Conducir hacia el norte por la AP-9 siempre tiene un punto de desconexión. Acostumbrado a que la búsqueda de buenas conexiones me empujara a cruzar la frontera hacia Porto o a aprovechar la cercanía de nuestro Peinador en Vigo, esta vez la tarjeta de embarque marcaba un origen distinto: el aeropuerto de Santiago-Rosalía de Castro, el histórico Lavacolla aeropuerto. Era mi primera vez despegando desde la capital gallega, y la expectación se mezclaba con la rutina de quien lleva el viaje en la sangre. Dejando atrás nuestra ría y adentrándome en el interior, la característica niebla matinal me acompañó casi hasta la misma salida de la autovía, como si el paisaje quisiera mantener cierto halo de misterio hasta el final del trayecto.

Al tomar el desvío, la imponente estructura de la terminal apareció ante mis ojos. Había leído sobre su diseño, pero ver en persona esos enormes pilares en forma de «Y» y su extensa cubierta moderna, que contrasta tan bien con el verde intenso de los montes compostelanos que la rodean, fue una grata sorpresa. Dejar el coche fue sencillo, sin el agobio paralizante de los macro-aeropuertos internacionales, pero con la clara sensación de estar pisando un punto neurálgico, una de las puertas principales de nuestra tierra al mundo.

Lo que más me impactó al cruzar las puertas automáticas fue, sin duda, la atmósfera. A diferencia de otras infraestructuras donde reinan los trajes de chaqueta, los maletines rígidos y el sonido de tacones apresurados, Lavacolla tiene un alma inconfundible. El amplio vestíbulo estaba salpicado de mochilas enormes, botas de montaña marcadas por el barro y conchas de vieira atadas a las cremalleras. Era el punto final de innumerables Caminos de Santiago. Se respiraba una mezcla de cansancio físico extremo y una alegría emocional contagiosa. Ver a grupos de peregrinos de distintas nacionalidades abrazándose y despidiéndose tras haber compartido tantos kilómetros a pie le otorgaba al edificio una calidez humana casi imposible de encontrar en otra pista de despegue.

Los trámites de facturación y el paso por los arcos de seguridad fluyeron con la tranquilidad propia de quien sabe hacer las cosas sin estridencias.

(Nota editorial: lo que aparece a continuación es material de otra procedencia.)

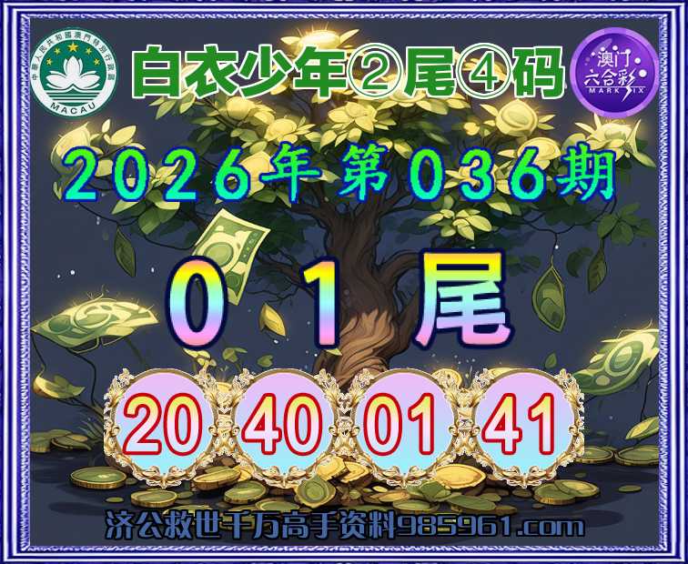 036期: 白衣少年 🧏♀️②尾④码🧏♀️【01尾主:20.40.01.41】开:01准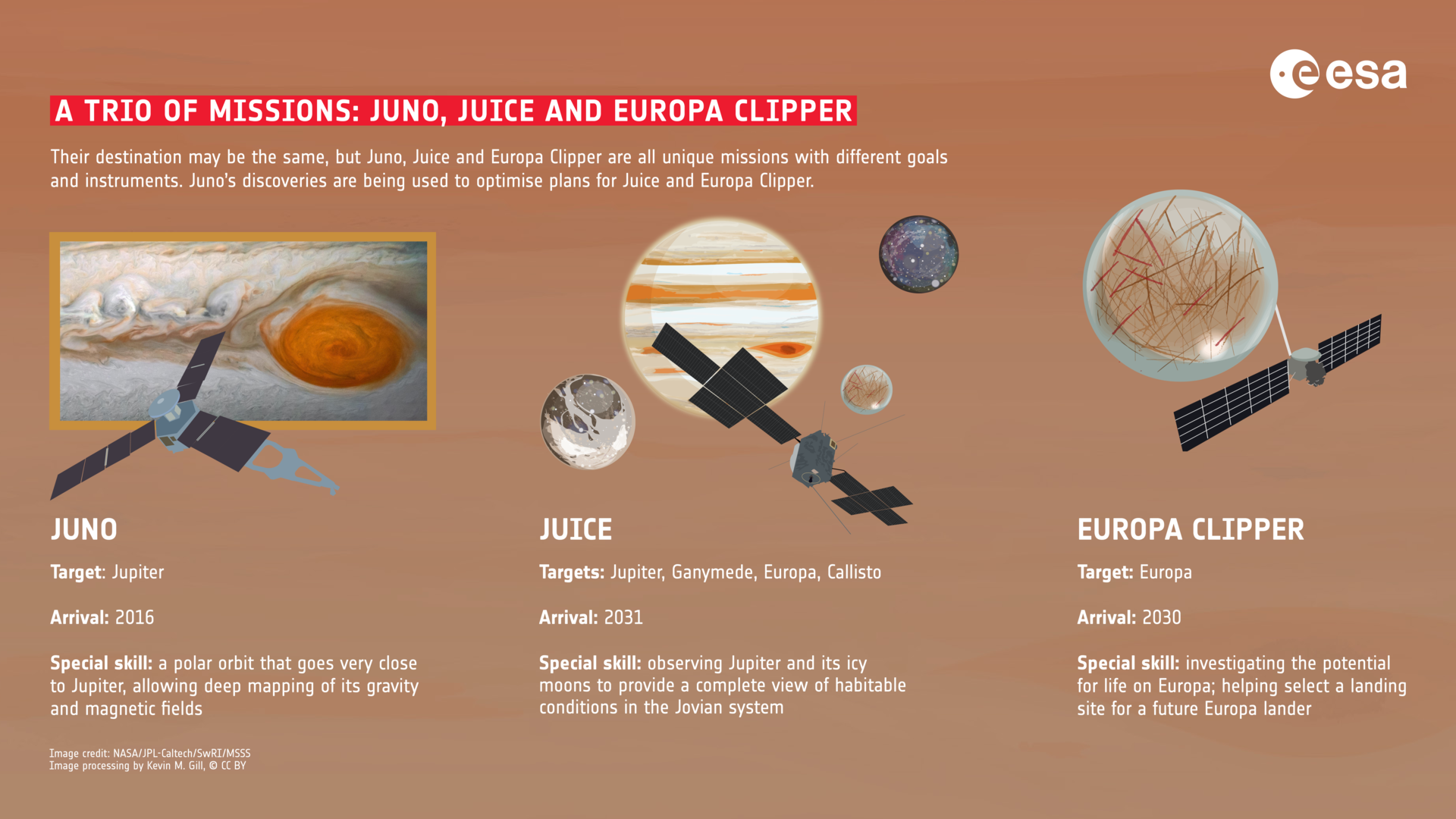 Lancé mi-avril 2023 par un lanceur Ariane 5, la mission JUpiter ICy moons Explorer (JUICE), arrivera vers Jupiter en juillet 2031, après de multiples assistances gravitationnelles de Vénus et de la Terre. L'insertion en orbite autour de Jupiter (Jupiter Orbit Insertion : JOI) sera le début d'une phase d'étude du système jovien (la planète Jupiter, sa magnétosphère et deux satellites galiléens : Europe et Callisto) qui durera 2,5 ans. Suivra une phase de 8 mois en orbite autour de Ganymède, où des phases en orbites elliptiques et circulaires d'observations scientifiques sont programmées afin de répondre à tous les objectifs de la mission.

Una vez en la zona de embarque, busqué un rincón tranquilo frente a las inmensas cristaleras. Con un buen café en las manos, me dediqué a observar la plataforma. A lo lejos, las aeronaves parecían posarse literalmente sobre un horizonte boscoso. Ese contraste visual entre el rigor del asfalto, la alta tecnología de la aviación comercial y la profunda raíz rural del entorno me pareció francamente hipnótico.

Cuando por fin mi vuelo asomó en las pantallas y llamaron por megafonía, me levanté con una inesperada sensación de pertenencia. Mi primera experiencia en Lavacolla me enseñó que un aeropuerto no tiene por qué ser un simple espacio de tránsito frío y despersonalizado. Aquí, entre el eco de mil acentos distintos y las vistas a nuestros montes, sientes que la esencia de Galicia te arropa hasta el mismo instante en que pones un pie en la escalerilla del avión. Supe entonces que este sería, sin duda, el primero de muchos despegues.